Run the code for WER Calculation

Save the script as calculate_accuracy.py and run the following command with reference.txt and transcript.txt:

python calculate_accuracy.py \
    --reference reference.txt \
    --transcript transcript.txt \

Custom Medical Transcription Model Performance: Accuracy Comparison Results

We tested both the base and custom medical models on the same medical audio to measure the impact of custom vocabulary. The example uses audio from a medical education video containing clinical terminology, illustrating how the system processes domain-specific speech.

The custom Cheetah Streaming Speech-to-Text medical model achieved a WER of 10.0% compared to the 23.0% WER for the base model. This shows a 57% improvement in transcription accuracy.

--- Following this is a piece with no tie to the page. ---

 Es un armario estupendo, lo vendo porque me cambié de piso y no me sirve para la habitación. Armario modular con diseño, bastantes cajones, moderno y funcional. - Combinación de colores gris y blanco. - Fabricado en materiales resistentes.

Example Transcription Comparison

From the medical education audio, here’s an example sentence that the models transcribed:

Ground Truth:

"Angiotensin-two causes the efferent arteriole to constrict more than afferent arteriole which increases the glomerular filtration rate."

Custom Medical Model:

"Angiotensin-two causes the efferent arteriole to construct more than the afferent arteriole, which increases the glomerular filtration rate."

Base Cheetah Model:

"Angie attention to causes the front arterial to construct more than the apparent arterial, which increases the glomerular filtration rate."

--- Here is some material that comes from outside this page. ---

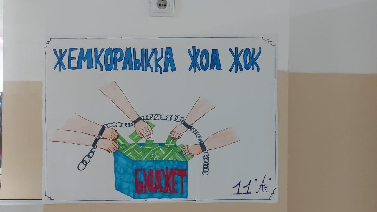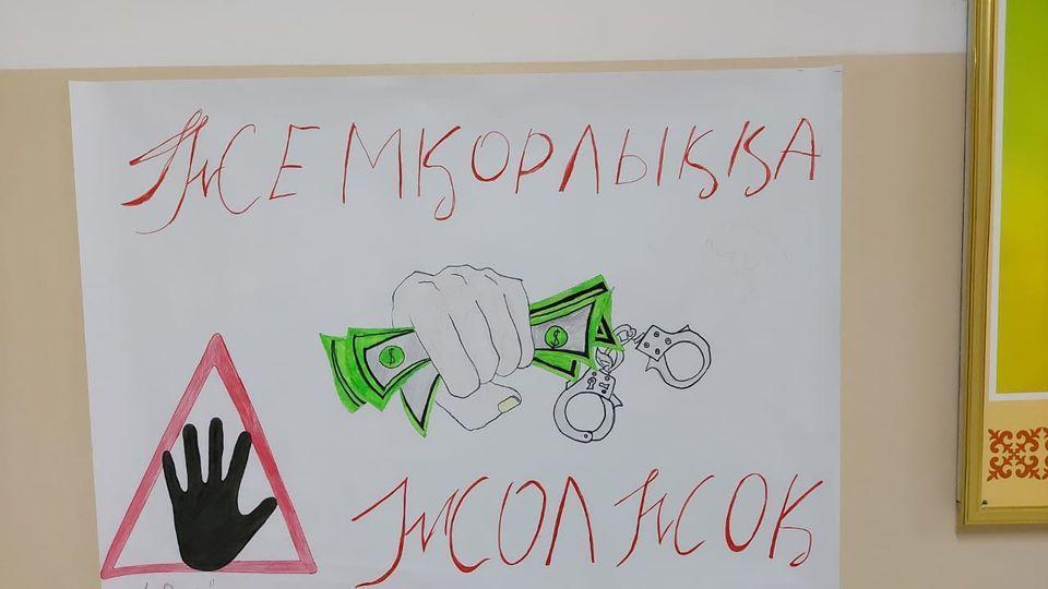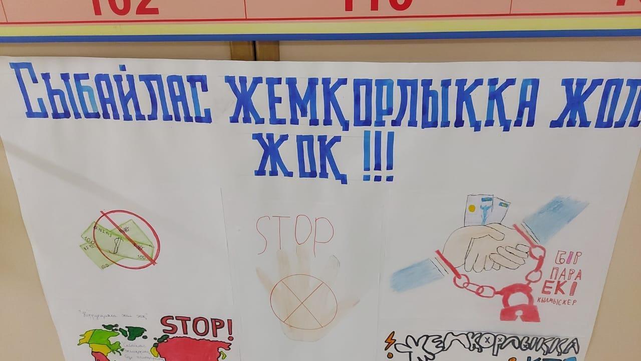 Сыбайлас жемқорлыққа қарсы мектебімізде сурет көрмесі өтті. Көрмеге 5-8 сынып оқушылары қатысты. Көрменің мақсаты ,өскелең жас ұрпаққа сыбайлас жемқорлыққа қарсы мәдениетті қалыптастыру, оқушылардың суреттері арқылы олардың ойларын, көзқарастарын білу.

Unlike the base model, the custom medical model correctly identified medical terms such as "angiotensin-two," "efferent arteriole," and "afferent arteriole."

Start Building Real-Time Medical Transcription Software

Ready to build your own HIPAA-compliant medical transcription software? Create a custom model on the Picovoice Console and test it with your domain vocabulary.

Start Building

Frequently Asked Questions

What are the system requirements for Cheetah Streaming Speech-to-Text?

Cheetah Streaming Speech-to-Text requires Python 3.9 or higher and runs on Linux (x86_64), macOS (x86_64, arm64), Windows (x86_64, arm64), Android, iOS, Web and Raspberry Pi (3, 4, 5). The engine processes audio entirely on-device without requiring internet connectivity for transcription, though an internet connection is needed once to validate your AccessKey.

How is Protected Health Information (PHI) handled in medical transcripts generated by Cheetah Streaming Speech-to-Text?

Cheetah Streaming Speech-to-Text transcribes all spoken content including patient names, dates of birth, medical record numbers, and other PHI without automatic redaction, filtering, or de-identification. The engine runs entirely on-device and does not retain audio or transcript data after processing. All PHI remains within the local application environment where the transcription occurs.

Does Cheetah Streaming Speech-to-Text automatically add punctuation to transcripts?

Yes, Cheetah Streaming Speech-to-Text has automatic punctuations. They can be enabled when creating the model instance. Once enabled, the engine will insert punctuation marks (such as periods, commas and question marks) and apply true-casing in the transcript to improve its readability.

What languages are supported for Cheetah Streaming Speech-to-Text?

Cheetah Streaming Speech-to-Text currently supports English, French, German, Italian, Portuguese, and Spanish. Each language has its own base model, and you can add custom vocabulary specific to that language.

Can I update my custom vocabulary without creating a new model?

No. With Cheetah Streaming Speech-to-Text, you need to create a new model version on the Picovoice Console with your updated vocabulary. However, you can test different vocabulary versions by running the same audio through multiple models on the console. You can then download the updated file to replace your existing model.